PROBLEM DETAILS
With pictures excluded, retype exactly every line from the one containing "몰입, 즉흥 연기 |" to the end of the records below.

AVAILABLE RECORDS
--- START ---
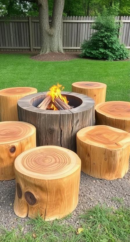 Sand them smooth and apply a protective finish to prevent splinters and weather damage. Different sized stumps create visual interest and accommodate guests of various heights. You can even hollow out larger stumps to create unique planters that double as seats.
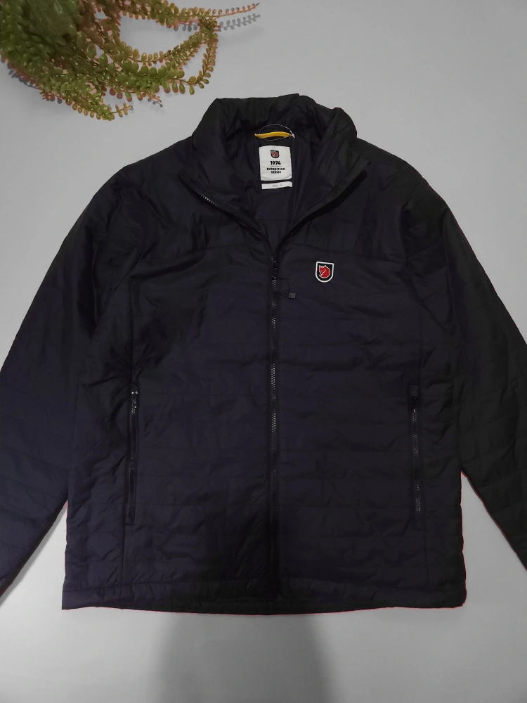 Men's black insulated jacket. Zipper closure. Features two pockets. Lightweight and warm. Size L
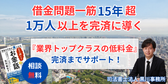 司法書士法人黒川事務所は、債務整理(任意整理・時効援用)などを専門に扱う司法書士事務所です。これまでに18年以上の実績があり12,000人以上を解決に導きました。
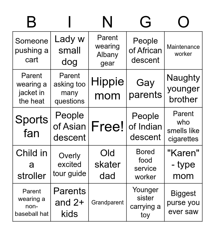 This bingo card has a free space and 24 words: Overly excited tour guide, Parents and 2+ kids, Hippie mom, Parent wearing a non-baseball hat, Maintenance worker, Someone pushing a cart, Parent wearing a jacket in the heat, Lady w small dog, People of Indian descent, Old skater dad, Gay parents, Sports fan, Bored food service worker, "Karen" - type mom, Parent asking too many questions, Younger sister carrying a toy, Parent who smells like cigarettes, Parent wearing Albany gear, Naughty younger brother, People of Asian descent, Biggest purse you ever saw, Child in a stroller, People of African descent and Grandparent.
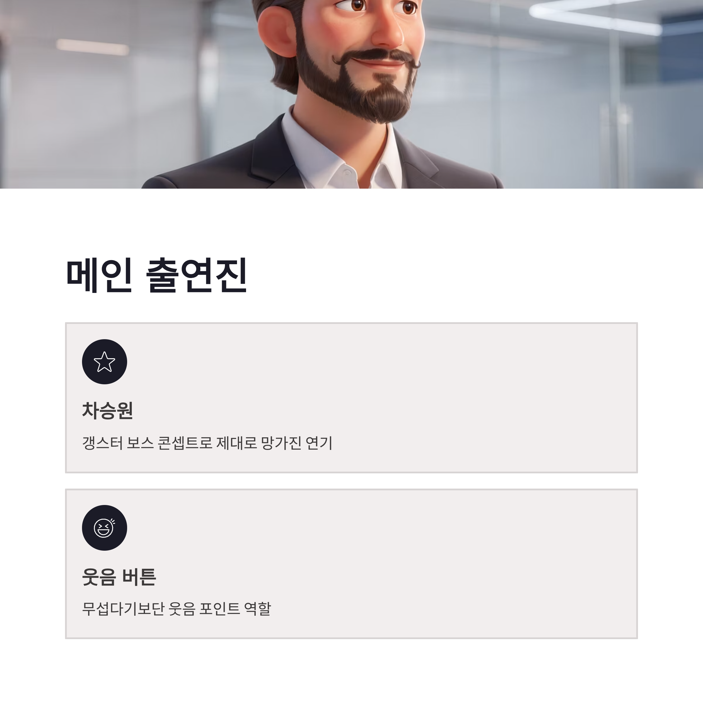 | 핵심 포인트 | 캐릭터 몰입, 즉흥 연기 |
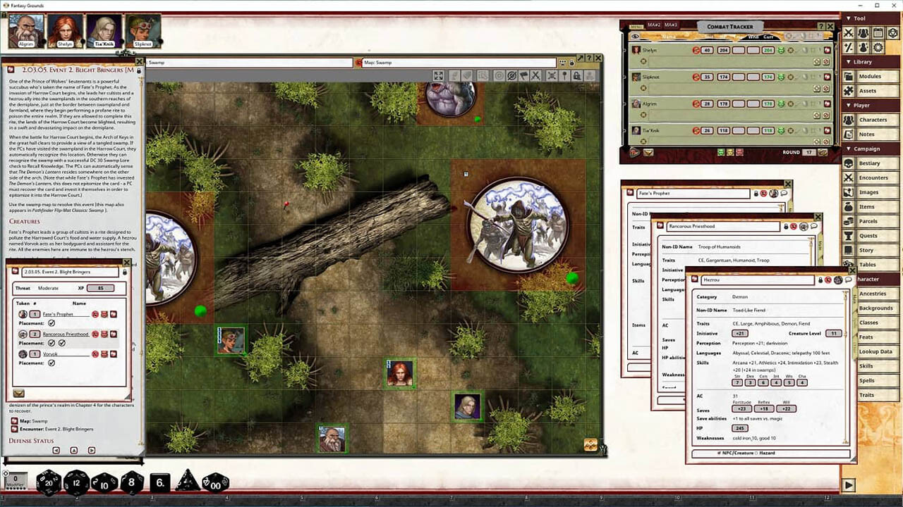 Requires: The free Fantasy Grounds virtual tabletop (VTT) software and the included Pathfinder 2.0 ruleset.
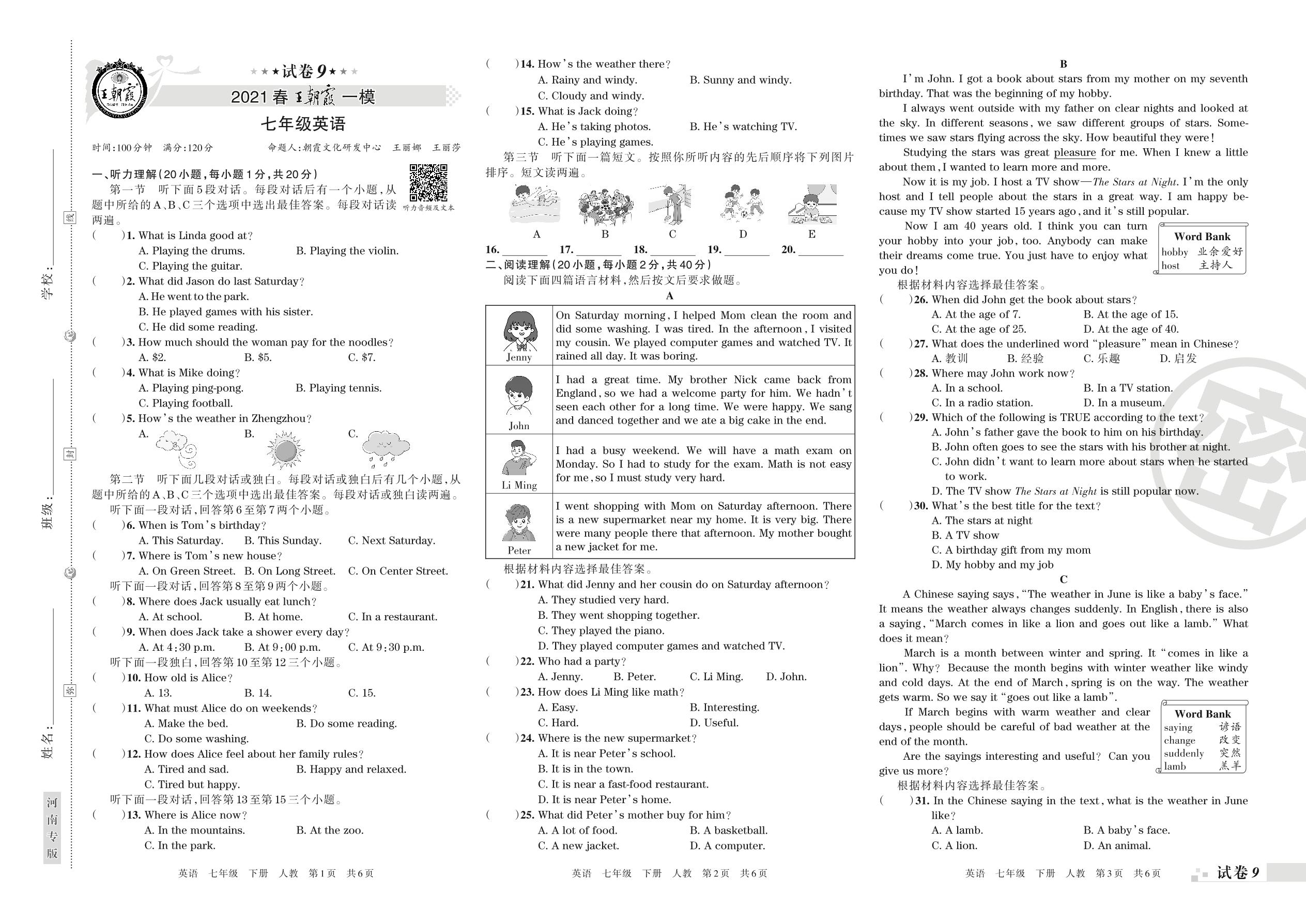 王朝霞期末模拟卷七年级下册英语(人教版)_R210807183102【9】
--- END ---
EXERCISE RESULT
 | 핵심 포인트 | 캐릭터 몰입, 즉흥 연기 |
 Requires: The free Fantasy Grounds virtual tabletop (VTT) software and the included Pathfinder 2.0 ruleset.
 王朝霞期末模拟卷七年级下册英语(人教版)_R210807183102【9】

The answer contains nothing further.